A google search for "micro set screw" brought up this manufacturer , they offer free samples of flat slot micro set screws ;-).
Thanks for your practical help, I have already found this company and they have advised that my sample screws are on the way. I am hoping that my measurement is correct - if not then it is going to be micrometer to the fore. If their price is reasonable I will stock up on screws that I often need.

It might be cheaper than buying "broken lenses" for parts and hoping that I can salvage a few screws from them. There is no guarantee that the salvaged screws will be useful in any case. I have decided that old lenses are not a good source of spare parts. They are usually in deep trouble anyway and it is doubtful that they will produce anything of value - then there is the price - broken lenses for parts can be almost as expensive as working ones.

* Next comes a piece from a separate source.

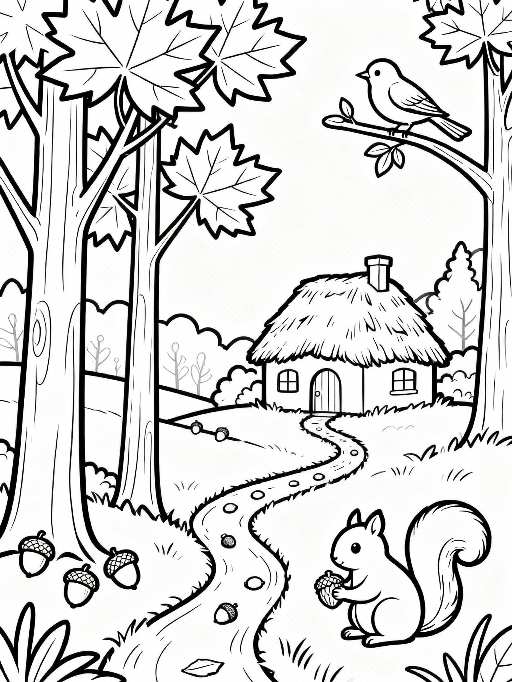 Bright and positive, the Delightful Cute Enchanted Autumn Landscapes Coloring Page offers a charming and easily approachable design, making it a perfect choice for beginners and young children eager to explore their art skills.

My next and current project is on how to find supplies of the internal spacers that lenses use. It would be best to be able to make these on demand to size. I have one lens that came missing a spacer and others whose lack of proper focus makes me suspect that they also are missing spacers. Also from time to time I find that the lenses need spacer adjustment. This not only means spacer/shims of the correct internal/external dimension but also in various thicknesses.

So is it possible to regularise the size of the spacers to a few parts of varying thickness? Or is it going to be a case of punch your own from stock? Then appropriate size dies are needed. Thicker spacers might be cut from tube stock on a metal lathe provided tube of the correct dimensions can be found. But more probably the spacers are good candidates for printing on a 3D printer.

These are rhetorical "talking to myself" musings. I will work something out, but comments from others who have been down this track are welcome.